### Available records

▬▬▬

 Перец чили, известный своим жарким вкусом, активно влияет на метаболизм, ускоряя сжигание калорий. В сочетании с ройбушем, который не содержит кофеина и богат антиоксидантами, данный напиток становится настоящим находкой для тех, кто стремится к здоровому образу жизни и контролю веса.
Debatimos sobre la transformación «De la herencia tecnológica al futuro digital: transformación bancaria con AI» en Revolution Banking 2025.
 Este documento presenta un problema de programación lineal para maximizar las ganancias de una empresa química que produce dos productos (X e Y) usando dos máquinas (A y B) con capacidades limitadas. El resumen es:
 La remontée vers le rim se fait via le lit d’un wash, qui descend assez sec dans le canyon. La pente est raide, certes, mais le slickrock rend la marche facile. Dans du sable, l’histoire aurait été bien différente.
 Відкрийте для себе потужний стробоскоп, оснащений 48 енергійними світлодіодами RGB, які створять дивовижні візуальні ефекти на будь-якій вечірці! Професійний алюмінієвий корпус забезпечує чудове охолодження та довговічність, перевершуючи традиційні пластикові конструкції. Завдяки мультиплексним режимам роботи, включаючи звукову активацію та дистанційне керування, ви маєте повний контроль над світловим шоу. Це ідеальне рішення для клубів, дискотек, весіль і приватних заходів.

▬▬▬

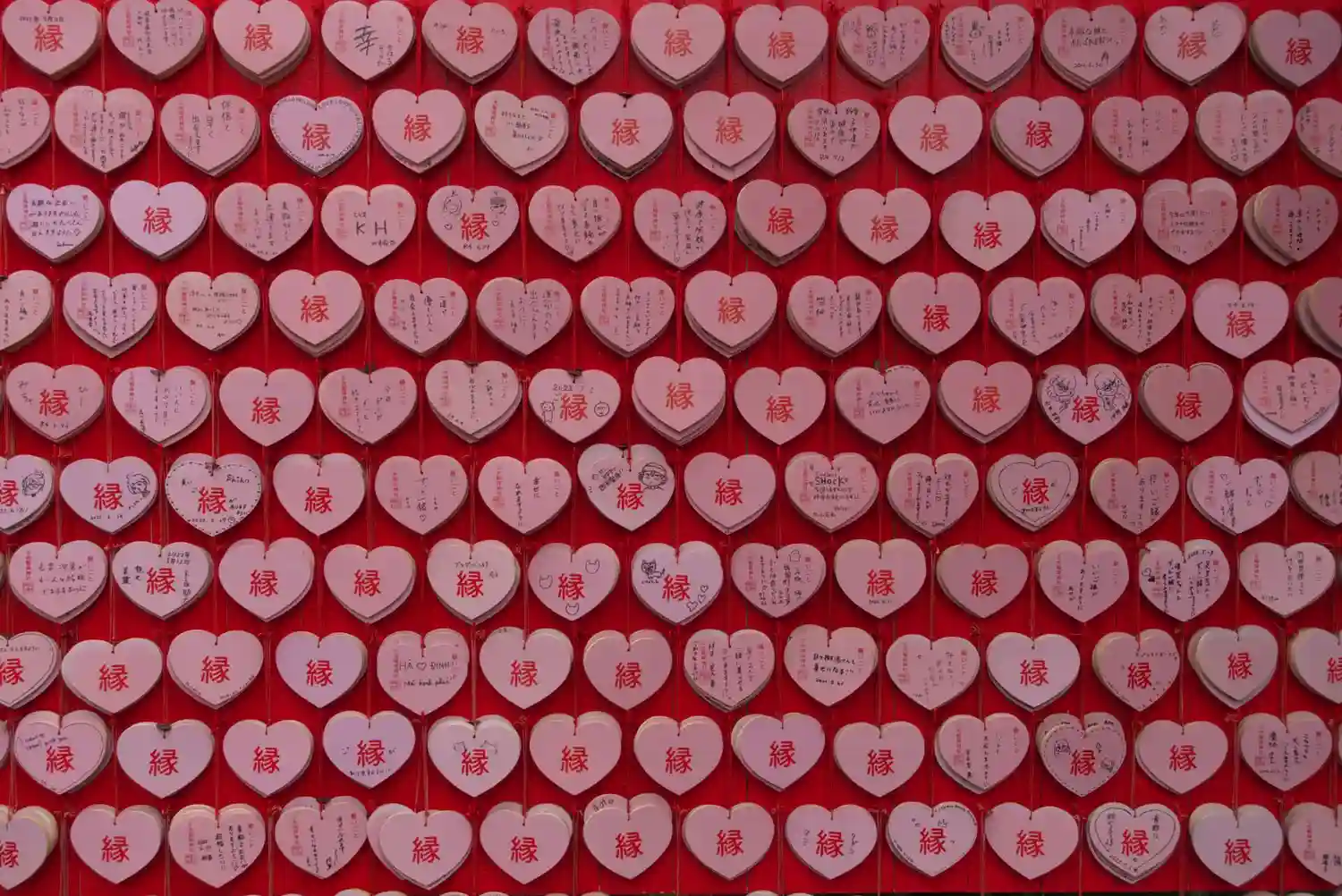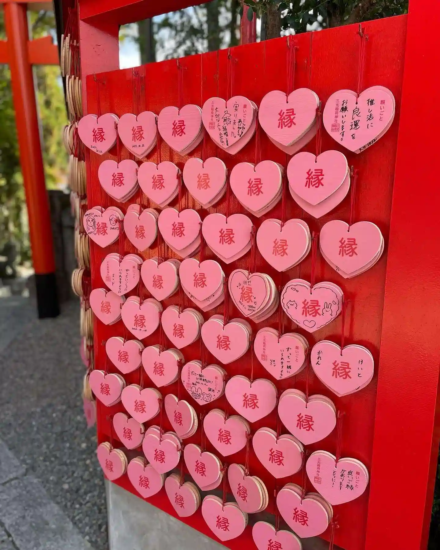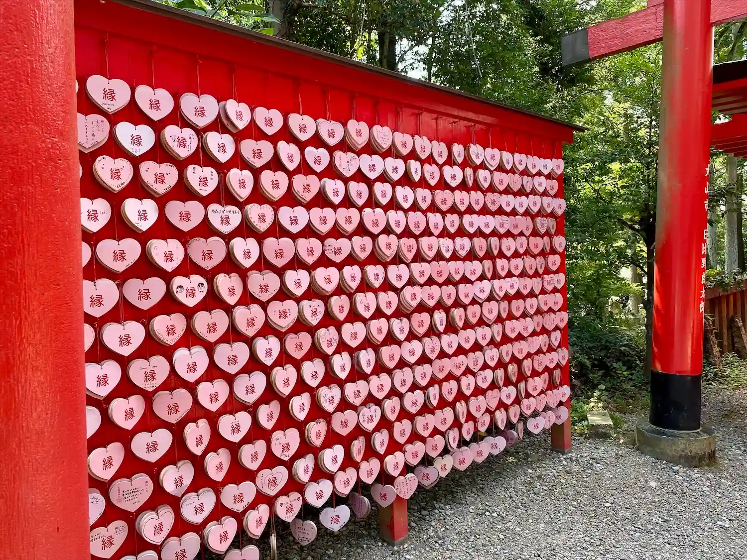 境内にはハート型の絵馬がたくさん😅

▬▬▬

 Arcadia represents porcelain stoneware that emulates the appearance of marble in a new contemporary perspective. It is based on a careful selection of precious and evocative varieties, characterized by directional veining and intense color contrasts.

▬▬▬

### Exercise
Output exactly one stretch of the listing: from the line containing "Перец чили, известный" through the line containing "La remontée vers", both end lines included.

### Result for this exercise
 Перец чили, известный своим жарким вкусом, активно влияет на метаболизм, ускоряя сжигание калорий. В сочетании с ройбушем, который не содержит кофеина и богат антиоксидантами, данный напиток становится настоящим находкой для тех, кто стремится к здоровому образу жизни и контролю веса.
Debatimos sobre la transformación «De la herencia tecnológica al futuro digital: transformación bancaria con AI» en Revolution Banking 2025.
 Este documento presenta un problema de programación lineal para maximizar las ganancias de una empresa química que produce dos productos (X e Y) usando dos máquinas (A y B) con capacidades limitadas. El resumen es:
 La remontée vers le rim se fait via le lit d’un wash, qui descend assez sec dans le canyon. La pente est raide, certes, mais le slickrock rend la marche facile. Dans du sable, l’histoire aurait été bien différente.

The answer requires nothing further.